Investment implications

  • Near term, we view the latest news as a risk-on shift. Markets should respond positively to the easing of immediate tail risks.
  • Our calls for maintaining broad equity exposure remain. If de-escalation holds, the biggest beneficiaries would be the sectors most pressured by the spike in oil prices.
  • Don’t declare victory yet. The right framing is relief rally first, potentially re-rating later.
  • Focus on real-time indicators. In our view, crude oil prices, tanker traffic and shipping conditions will reveal more than political headlines.

The bottom line: Today’s ceasefire is clearly market-positive because it directly reduces the risk of an oil-driven inflation and growth shock. But given its temporary and conditional nature, it should be treated as a relief rally—not a definitive all-clear.”

John Wyn Evans, Head of Market Analysis at Rathbones, one of the UK’s leading wealth and asset management groups, said:

“The ceasefire has delivered sharp relief to markets, but the next fortnight is as much about fragility as it is about resolution. Investors will be watching three things closely. First, whether negotiations translate into any concrete progress rather than simply buying time; the fact talks are starting so quickly is positive, but expectations should remain low. Second, developments around the Strait of Hormuz: safe passage is critical, and any disruption would very quickly feed back into energy prices and inflation expectations. Third, the broader regional picture. Israel’s comments on Lebanon are a reminder that this is a pause in one conflict, not a return to stability.

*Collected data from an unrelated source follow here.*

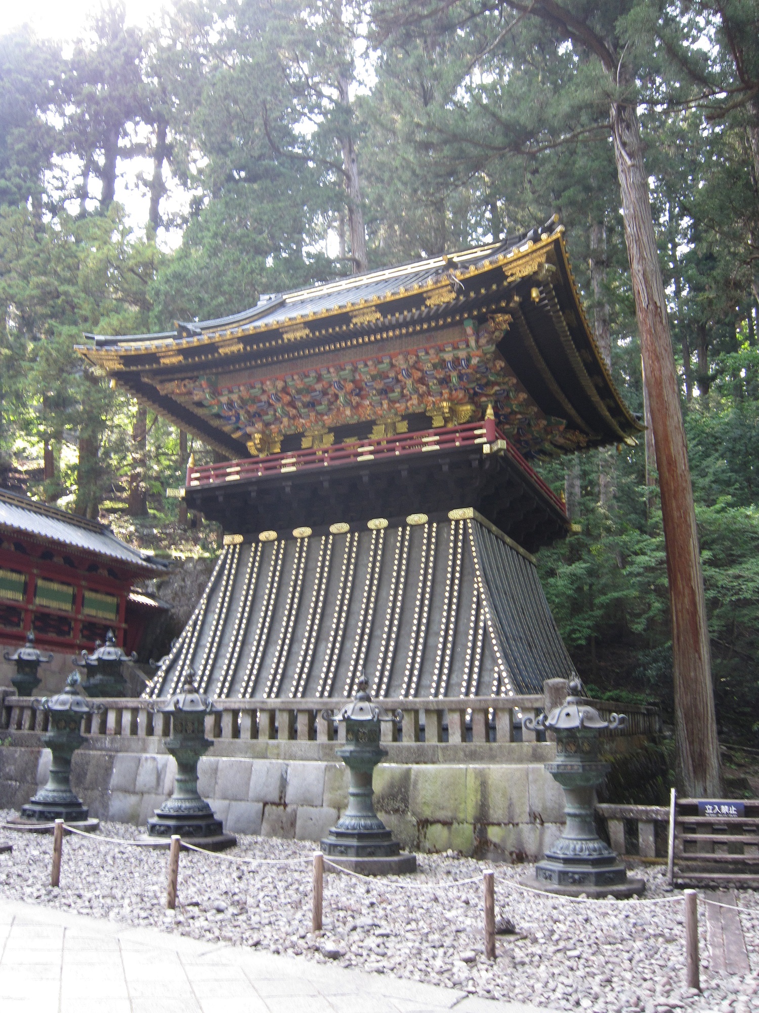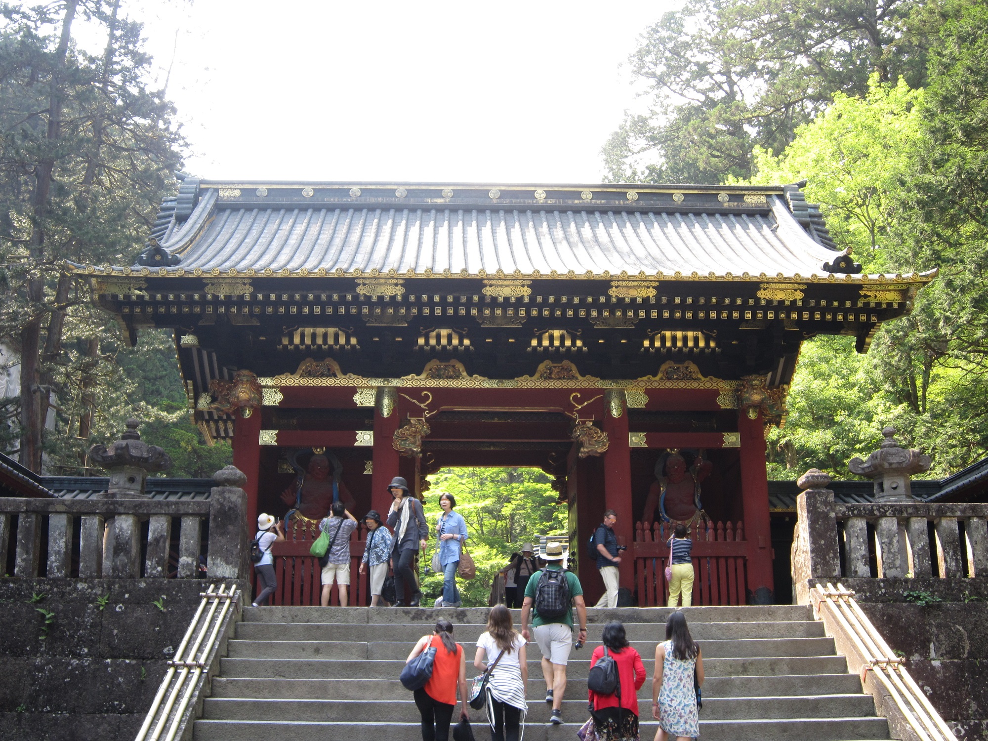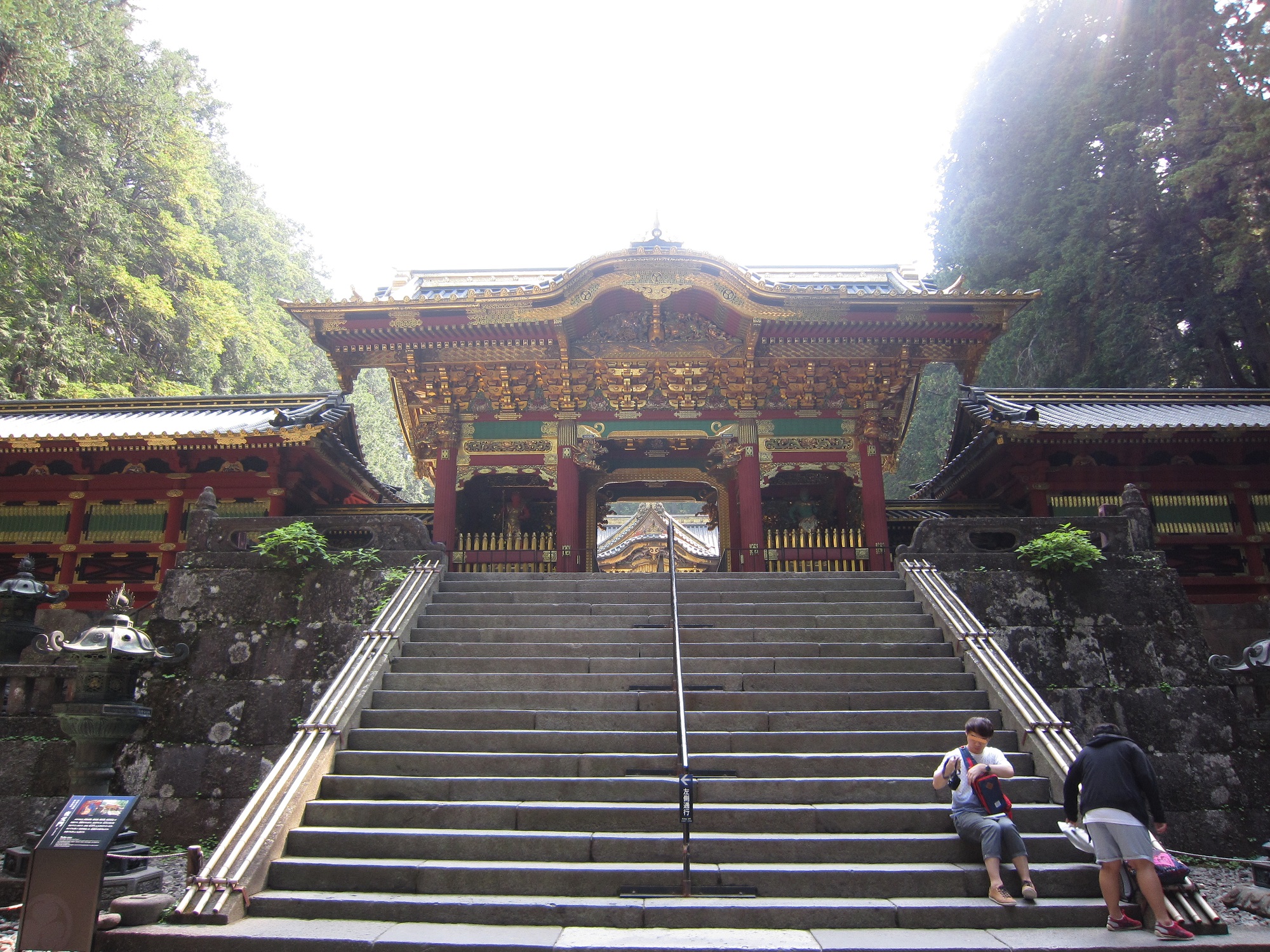 唐門です。総金箔造りの建物でして、両側にある大きな灯篭は、徳川御三家(紀州・水戸・尾張)からの献上品だそうです。
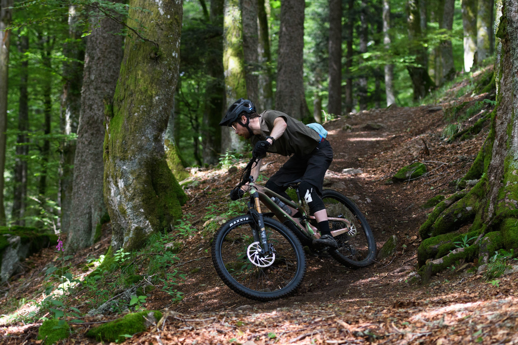 En effet, lorsque le rythme augmente sur des sentiers techniques je suis beaucoup moins à l’aise, je ne parviens pas à trouver mon équilibre avant/arrière sur le vélo et je n’ai aucune sensation de grip. J’ai comme l’impression d’être déconnecté du terrain, de ne plus savoir comment on fait du vélo. De gênant en ligne droite, ça devient vite problématique lors de moments cruciaux comme sur des gros freinages. Est-ce à cause de cette cinématique qui isole la suspension du pilote (et vice-versa), me privant de « retours » auxquels je suis habitué ? A cause de l’axe de roue arrière qui recule plus que sur d’autres modèles (plus de 10 mm vers l’arrière, contre 3-4 mm sur Santa Cruz Megatower par exemple) et qui allonge encore plus le vélo ?
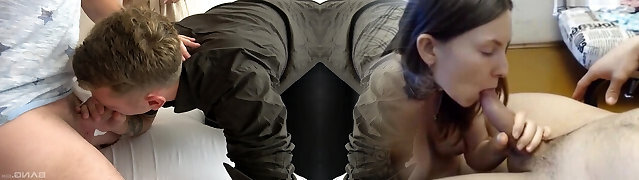 Amazing lond bi-atch makes a horny dude to suck the dick of the other stud
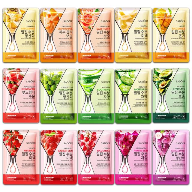 [15枚セット]天然フルーツエッセンス シートマスク 個包装、フェイスパック 大容量【売れ筋タイプ 15枚セット】活性成分配合、 鎮静パック、ビタミン パック、美容パック、デイリーパック、ピタッと密着、肌荒れ パック、美容マスク
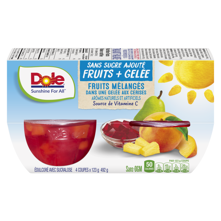Fruits mélangés à la cerise dans une gelée aromatisée sans sucre
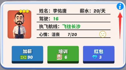 机组成员(机长和空姐)初始心情值20点,每次执飞航班会减1点心情,心情接近0就会心态崩溃
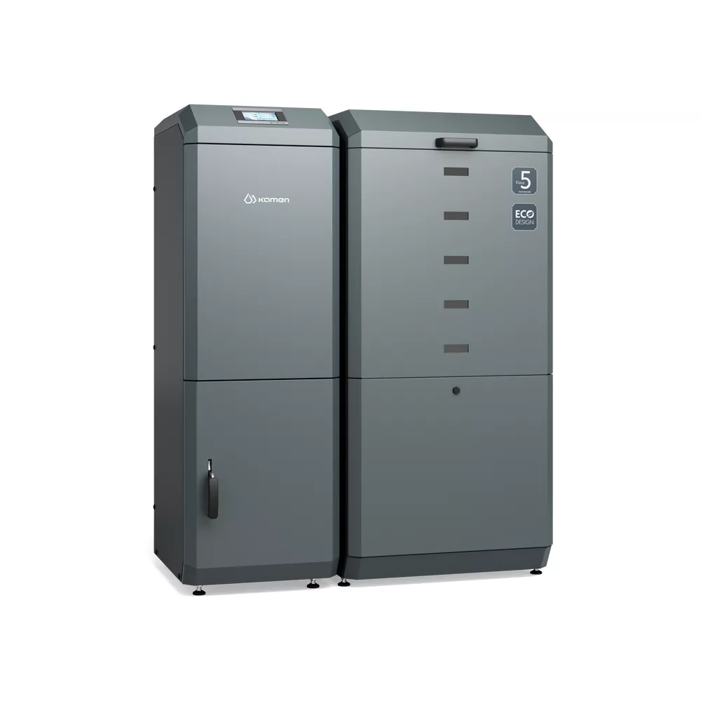 Kocioł pelletowy z automatycznym czyszczeniem palnika i wymiennika, o szerokim zakresie dostępnych mocy i ze sterownikiem obsługującym 4 obiegi grzewcze i 2 siłowniki.
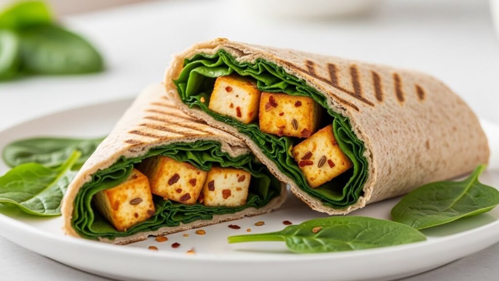 Fill a whole-grain wrap with sautรฉed paneer, spinach, and light seasoning.
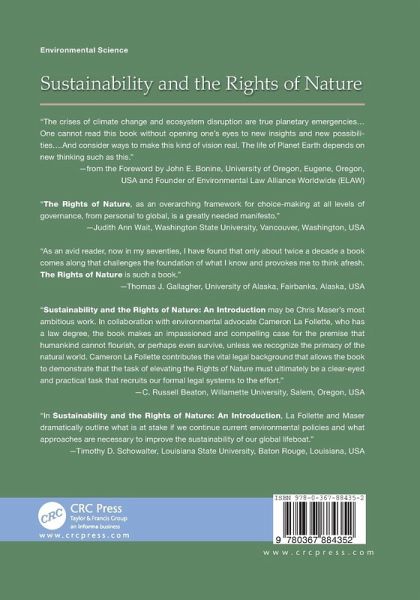 Sustainability and the Rights of Nature: An Introduction is a much-needed guide that addresses the exciting and significant paradigm shift to the Rights of Nature, as it is occurring both in the United States and internationally in the fields of environmental law and environmental sustainability. This shift advocates building a relationship of integrity and reciprocity with the planet by placing Nature in the forefront of our rights-based legal systems. The authors discuss means of achieving this by laying out Nature's Laws of Reciprocity and providing a roadmap of the strategies and directions needed to create a Rights of Nature-oriented legal system that will shape and maintain human activities in an environmentally sustainable manner. This work is enriched with an array of unique and relevant points of reference such as the feudal notions of obligation, principles of traditional indigenous cultivation, the Pope Francis Encyclical on the environment, and the new Rights of Nature-based legal systems of Ecuador and Bolivia that can serve as prototypes for the United States and other countries around the world to help ensure a future of environmental sustainability for all living systems.

“The market reaction makes sense – oil, gas and risk assets are unwinding worst‑case scenarios – but conditions remain far from normal. This is a tradeable calm rather than a durable peace, and it wouldn’t take much over the next two weeks to reverse today’s optimism.

“There is little certainty and any dust that settles could be quickly disturbed. It feels likely that we will be left with higher energy prices than before the conflict began, and central banks will be slower to cut interest rates – though they now have less cause to raise them.”